# Center channel speakers



## theluker (Jan 23, 2010)

Hi, me again.

Saturday morning and I'm off to the local audio store to look at some CC's.

Any suggestions?

Sharp 52 Aquos
Sony BDP-S300
Harmon Kardon AVR 7000
Energy C-8 Connoisseur's
Mission 763i

Thanks


----------



## Kal Rubinson (Aug 3, 2006)

Sure. Another Energy C-8.


----------



## theluker (Jan 23, 2010)

I'm thinking more like the CC-1 in the Energy line.

The c-8's are huge.


----------



## Mike P. (Apr 6, 2007)

Thread moved to Home Audio Speakers.


----------



## Kal Rubinson (Aug 3, 2006)

theluker said:


> I'm thinking more like the CC-1 in the Energy line.
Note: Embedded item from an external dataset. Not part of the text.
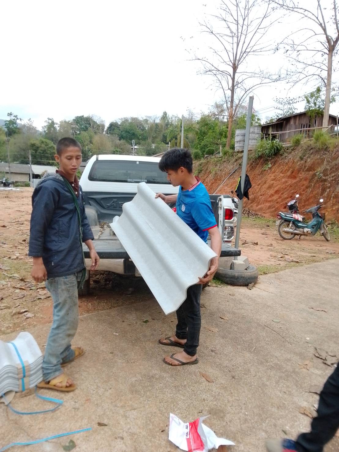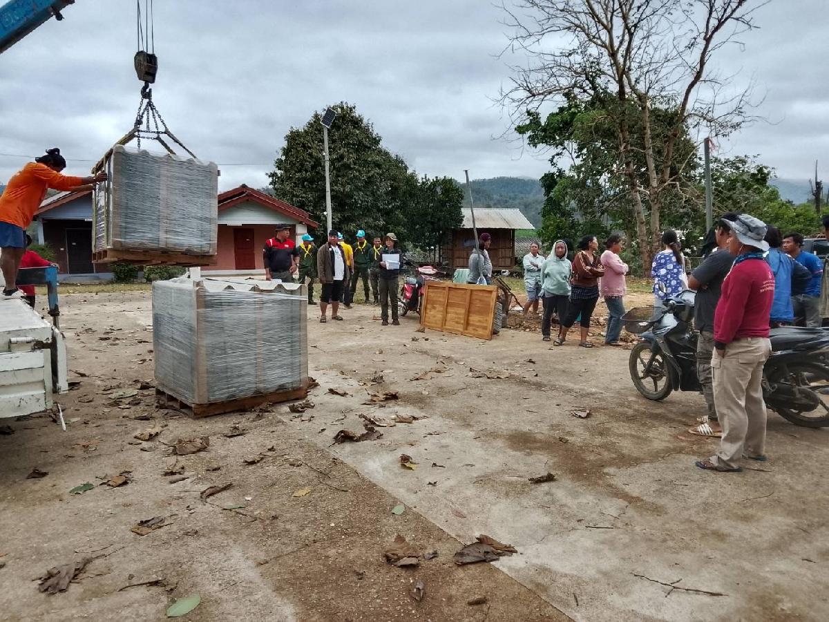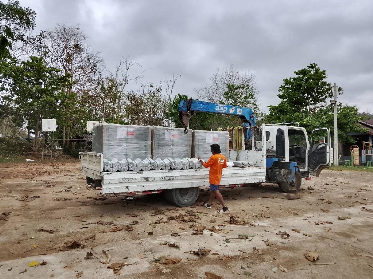 ส่งมอบกระเบื้องและวัสดุอุปกรณ์ในการซ่อมแซมบ้านให้แก่ประชาชนที่ได้รับความเสียหายจากเหตุวาตภัย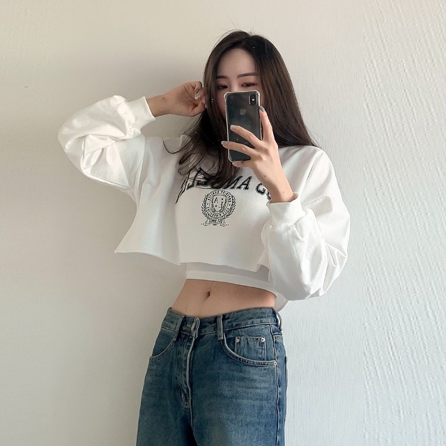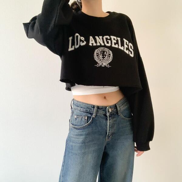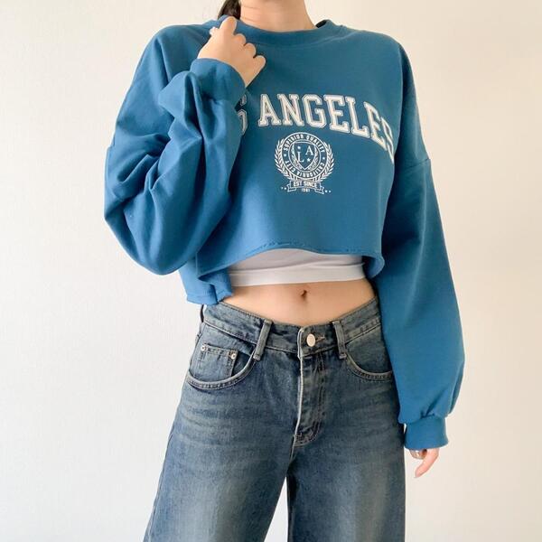 オーバーサイズニレタリングクロップドスウェットTシャツ

Appears to be a typically-designed MTM. Not impressed.


----------



## Jungle Jack (Jul 28, 2009)

Hello,
I completely agree with Kal. Purchasing another C-8 would be ideal as your front 3 speakers would be identical. This is the ideal to have matching speakers on all channels. 

With the Center Channel being the lynchpin to a great HT experience, going with the biggest and best CC is absolutely the way to go.
Cheers,
JJ


----------



## Wemyss (Jul 10, 2012)

Hi,

If you have the space to fit it in, the new M&K S300 is one of the best.


----------



## Kal Rubinson (Aug 3, 2006)

Wemyss said:


> Hi,
> 
> If you have the space to fit it in, the new M&K S300 is one of the best.


Mebbe but it is likely to be a much poorer match than the CC-1.


----------